Shape Analysis for Protein Alignment
Jeff M Phillips

Protein structure analysis is an important aspect of understanding the similarity between different proteins and their function. We realize that chemical properties also play an important role in this understanding. So our goal is to analyze the geometric and structural components of these problems (our strengths) within frameworks domain experts are familiar. Our contributions are described in two areas: analyzing alignment under the ubiquitous RMSD measure and finding geometric structure on protein-protein interface surfaces.
Alignment under Transformations with RMSD

Summary
The most common distance used to determine the similarity between two protein structures is the root mean squared distance (RMSD) between two corresponding sets of atoms. When two proteins have the same chemistry this is straightforward, so we focus on the case of aligning two proteins with different chemistry, but similar structure. We provide an empirically effective technique for dealing with outliers that has nice provable convergence properties that builds upon the Iterative Closest Point (ICP) algorithm. Code is available upon request. Furthermore, the points under alignment can be annotated with chemical information. This heuristic approach is complimented by our work on the first polynomial algorithm to provably approximate the minimum RMSD distance between two point sets under rotation and translation. For backbone alignment, we have also inverstigated techniques, both heuristic and with guarantees but less practical, for aligning piecewise-linear curves using RMSD.

Visuals

Alignment of two scans of the dragon model (left) and zoom of tail (right) with standard ICP algorithm.

Alignment of two scans of the dragon model (left) and zoom of tail (right) with our FICP algorithm accouting for outliers.

Structural Motifs in Protein-Protein Interface Surfaces

Summary
Given two proteins in a complementary alignment (a bound docking configuration), the anatomy of this alignment provides many clues to why and how proteins become a compound. One well-defined way to analyze this alignment is by constructing a protein-protein interface surface describing the Voronoi faces of the atoms separating these proteins. Our contribution constructs geometric motifs on these interfaces, akin to alpha-helices and beta-strips in a protein structure. These motifs are bumps on the interface surface representing protrusions of one protein into the other. The pattern and magnitude of these motifs can compactly describe an interface surface as well as pointing to likely hot-spot residues which are critical to the overall binding energy. This information has been integrated into the Biogeometry's Protein-Protein Interface Surface MAPS software.

Visuals

Motifs in the protein-protein interface surface for 1BRS from two views.

Publications (and other documents)
  • Outlier Robust ICP for Minimizing Fractional RMSD.
         Jeff M. Phillips, Ran Liu, Carlo Tomasi. 6th International Conference on 3-D Digital Imaging and Modeling. August 2007.
         long version as Duke University Technical Report CS-2006-05. May 2006.
         poster/abstract for 4th Eurographics Symposium on Geometry Processing. June 2006.
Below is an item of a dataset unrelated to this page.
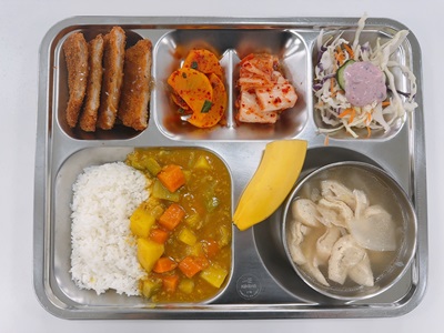 메뉴: 카레라이스/ 유부장국/ 수제돈까스/ 야채샐러드/ 단무지무침/ 김치/ 후식

  • Segmenting Motifs in Protein-Protein Interface Surfaces.
         Jeff M. Phillips, Johannes Rudolph, Pankaj K. Agarwal. Proceedings of the 6th Workshop on Algorithms in Bioinformatics (WABI). September 2006.
         poster for Duke Frontiers 2006.

  • On Bipartite Matching under the RMS Distance.
         Pankaj K. Agarwal, Jeff M. Phillips. 18th Canadian Conference on Computational Geometry. August 2006.

  • Mean Shape Backbone Alignment.
         Jeff M. Phillips.
         slides from a talk I gave a a BioGeometry meeting in August 2005.